_AIM OF THE EXERCISE_.
Give back exactly the lines that start at the one containing "Tabasco, Miércoles 24" and run to the end of the material, leaving out the pictures.

_RECORDED INFORMATION_.
┏━━

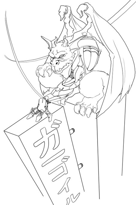 Inktober 2022 - Jour 1, Gargouille. Ma version façon "cyberpunk" du thème officiel ! #inktober2022 #Inktober #Cyberpunk2077 #gargoyle
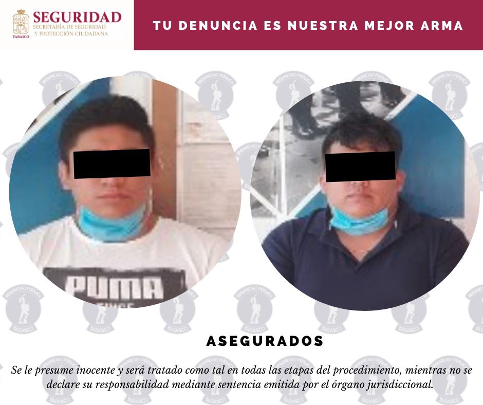 Tabasco, Miércoles 24 de Noviembre del 2021, Poder y Crítica | En el municipio de Centro, elementos de la Secretaría de Seguridad y Protección Ciudadana (SSPC) aseguraron a Erick Manuel “N” y Ángel de Jesús “N”.
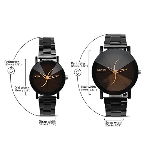 Product Description: Material: 1.Movement: Quartz Movement 2. Watch Case: Alloy Case 3.Watch Band: Alloy Bracelet Watch Band 4.Dial Window Material Type: Glass Mirror Color: Black Size: Women Watch:Perimeter:121mm/4.76inch(adjustable),Case Diameter:32mm/1.26inch,Bracelet Width:16mm/0.63inch Men Watch:Perimeter125mm/4.92inch(Adjustable),Case Diameter:39mm/1.54inch ,Bracelet Width:20mm/0.79inch Net Weight: Women Watch:53g; Men Watch:70g Package Weight: Women Watch:73g Men Watch:90g Packing: In OPP Bag Package Include: 2 Pieces Watches

┗━━

_TASK ANSWER_.
 Tabasco, Miércoles 24 de Noviembre del 2021, Poder y Crítica | En el municipio de Centro, elementos de la Secretaría de Seguridad y Protección Ciudadana (SSPC) aseguraron a Erick Manuel “N” y Ángel de Jesús “N”.
 Product Description: Material: 1.Movement: Quartz Movement 2. Watch Case: Alloy Case 3.Watch Band: Alloy Bracelet Watch Band 4.Dial Window Material Type: Glass Mirror Color: Black Size: Women Watch:Perimeter:121mm/4.76inch(adjustable),Case Diameter:32mm/1.26inch,Bracelet Width:16mm/0.63inch Men Watch:Perimeter125mm/4.92inch(Adjustable),Case Diameter:39mm/1.54inch ,Bracelet Width:20mm/0.79inch Net Weight: Women Watch:53g; Men Watch:70g Package Weight: Women Watch:73g Men Watch:90g Packing: In OPP Bag Package Include: 2 Pieces Watches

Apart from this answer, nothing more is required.